Pengertian
Nafkah
Kata
nafkah berasal dari kata (أَنْفَقَ) dalam bahasa Arab secara etimologi mengandung arti: (نقص و قلّ) yang berarti “berkurang”. Juga berarti (فنى و ذهب) yang berarti “hilang atau pergi”.[1] (النفقة) al-Nafaqah memiliki arti “biaya, belanja atau pengeluaran”.[2] dalam ensiklopedi hukum Islam
nafkah berarti pengeluaran yang biasanya
dipergunakan oleh seseorang untuk sesuatu yang baik atau dibelanjakan untuk orang-orang
yang menjadi tanggung jawabnya.[3]
Nafaqah
dalam bahasa Indonesia biasa disebut dengan nafkah. Nafkah adalah sejumlah uang
atau barang yang diberikan oleh seseorang untuk keperluan hidup orang lain.[4] Seseorang dikatakan memberikan nafkah membuat harta yang
dimilikinya menjadi sedikit
karena telah dilenyapkan atau diberikan untuk kepentingan
orang lain. Bila kata ini dihubungkan
dengan perkawinan, nafkah mengandung arti sesuatu yang dikeluarkan dari hartanya
untuk kepentingan istrinya ataupun keluarganya sehingga menyebabkan hartanya menjadi
berkurang.
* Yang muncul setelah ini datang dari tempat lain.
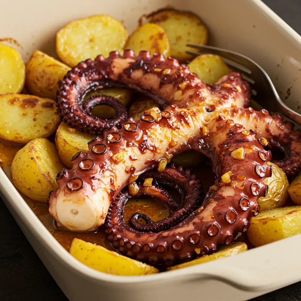 Polvo assado com batatas ao alho

Dengan demikian, nafkah istri berarti pemberian yang harus dilakukan
oleh suami terhadap istrinya dalam masa perkawinannya.
Adapun
pengertian nafkah menurut para ahli antara lain:
1. Menurut Djamaan Nur, nafkah adalah
sesuatu yang diberikan oleh seseorang kepada istri, kerabat dan kepada miliknya
untuk memenuhi butuhan pokok mereka. Keperluan pokok itu adalah berupa makanan,
pakaian dan tempat tinggal.[5]
2. Dalam Ensiklopedi Hukum Islam, nafkah adalah
pengeluaran yang biasanya dipergunakan oleh seseorang untuk sesuatu yang baik
atau dibelanjakan untuk orang-orang yang menjadi tanggung jawabnya.[6]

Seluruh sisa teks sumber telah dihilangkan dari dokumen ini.